Mia nonna mi aveva spiegato senza perifrasi e senza moralismi la condizione di queste due signore; sotto le grinfie della sua condanna erano rimasti soltanto i due farabutti di padri che non avevano riconosciuto i figli.
Un pomeriggio mamma fu invitata a prendere un caffè a casa della signora Carmelina, era un avvenimento eccezionale, si leggeva sul volto e nei gesti di mia madre che non si trattava di una faccenda di cortesia, qualcosa doveva essere accaduto per provocare questo inusuale invito.
L’Italia era ancora senza la televisione; quando la sera i miei genitori si trattenevano a casa, evenienza molto rara giustificata anche dalla ristrettezza degli spazi, ci teneva compagnia il gracchiare di una radio fabbricata prima della guerra. Mamma spense la radio e si rivolse a mio padre “Lino, ho parlato con Carmelina, mi ha riferito che un giovanotto le ha chiesto di fidanzarsi con lei”; “è una bella notizia, finalmente si sistema” fu il commento di mio padre, “ma potrebbe essere suo figlio! Queste situazioni si incontrano soltanto al teatro e nei romanzi. Carmelina è molto combattuta e rimanda continuamente la risposta; mi ha chiesto un consiglio”; “se tu avessi avuto vent’anni di più ti avrei sposato lo stesso. Chiedile se gradisce che le facciamo da testimoni al matrimonio”; la sicurezza delle prese di posizione di mio padre lasciavano sempre poco spazio alla coniugazione del condizionale.
Anche il matrimonio non rientrò nelle consuetudini. Scoprimmo che la signora Carmelina era della Chiesa Evangelica e la cerimonia si tenne al municipio, con il sindaco costretto ad improvvisare il protocollo sotto la guida del segretario comunale tutto intento a consultare ogni paragrafo di un manuale amministrativo che fino a quel giorno aveva riposato tranquillamente in uno scaffale.
Seguì la festa in una sala presa a noleggio; fu dignitosa però con un sottofondo di tensione. La signora Carmelina non aveva parenti, i familiari dello sposo non davano segni di gioia; ad allietare l’atmosfera erano le signore del vicinato; vennero, e portarono un regalo bello e costoso, l’avvocato e la moglie. Ero l’unico bambino, non mi annoiavo affatto grazie alle cure di Virginia e di Clelio la cui gioia si manifestava esplosiva perché la madre aveva regalato loro un papà.

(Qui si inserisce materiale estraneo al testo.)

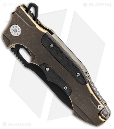 Andre de Villiers has a knack for large folders like the imposing Hummer flipper. This knife sports a black finished blade with a swedge and a long, rounded cutting edge. Smooth carbon fiber inserts set on the bronzed titanium handle provide stunning visual contrast. The titanium frame lock is outfitted with a steel tab/overtravel insert and a milled pocket clip for secure carry.
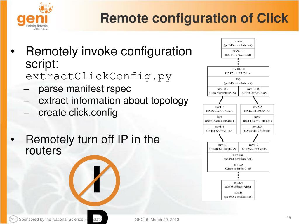 Remote configuration of Click • Remotely invoke configuration script: extractClickConfig.py • parse manifest rspec • extract information about topology • create click.config • Remotely turn off IP in the routers IP

Erano passati molti anni, con la morte di mio padre avevo dato l’addio definitivo alla scuola che già da un anno non frequentavo più. Mi ero iscritto al Partito Comunista e andavo sui cantieri edili per conto della CGIL. Una sera in osteria tra i compagni muratori c’era aria di tristezza e di sconforto e il vino aiutava qualche lacrima a venir fuori; nella tarda mattinata era morto un manovale cadendo da una impalcatura; le parole si rincorrevano e ritornavano sugli incidenti nei cantieri. Pietro, membro della segreteria del sindacato e assiduo frequentatore del Partito, ci informò che il discorso funebre lo avrebbe tenuto Gino Grezzi, il deputato che i compagni edili stimavano e amavano per la sua dedizione e la sua umanità. I ricordi richiamarono altre orazioni funebri di Gino che si erano fissate nelle menti dei compagni quasi parola per parola. “Vi ricordate quando morì Salvatore; che bravo ragazzo che era! Tutti gli volevano bene; è stato veramente sfortunato,; la morte se lo è chiamato nel pieno della giovinezza”.
Erano passati alcuni anni. Per l’assenza di misure di sicurezza, durante i lavori di sterramento era venuto giù un muro di sostegno che aveva travolto Salvatore. Anche io ricordavo quel funerale: il discorso di Gino, la preghiera del pastore evangelico e mia madre, da poco vedova, in lacrime che abbraccia la signora Carmelina, Virginia e Clelio.